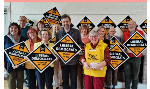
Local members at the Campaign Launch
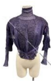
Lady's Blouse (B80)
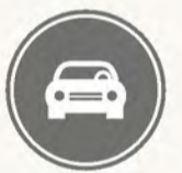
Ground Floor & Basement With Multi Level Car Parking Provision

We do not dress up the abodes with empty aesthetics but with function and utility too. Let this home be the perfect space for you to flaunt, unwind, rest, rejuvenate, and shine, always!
--------------------------------
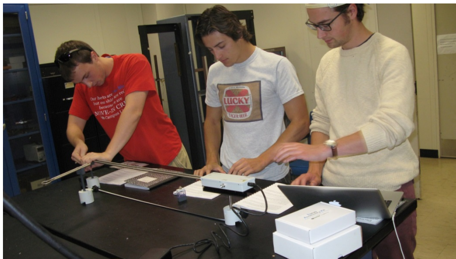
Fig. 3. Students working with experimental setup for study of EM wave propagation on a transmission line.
--------------------------------
*WHAT IS NEEDED*.
What you write must match the listing exactly, from the line with "Local members at the Campaign Launch" up to and including the line with "Ground Floor &". Pictures stay out.

*REPLY*.
Local members at the Campaign Launch
Lady's Blouse (B80)
Ground Floor & Basement With Multi Level Car Parking Provision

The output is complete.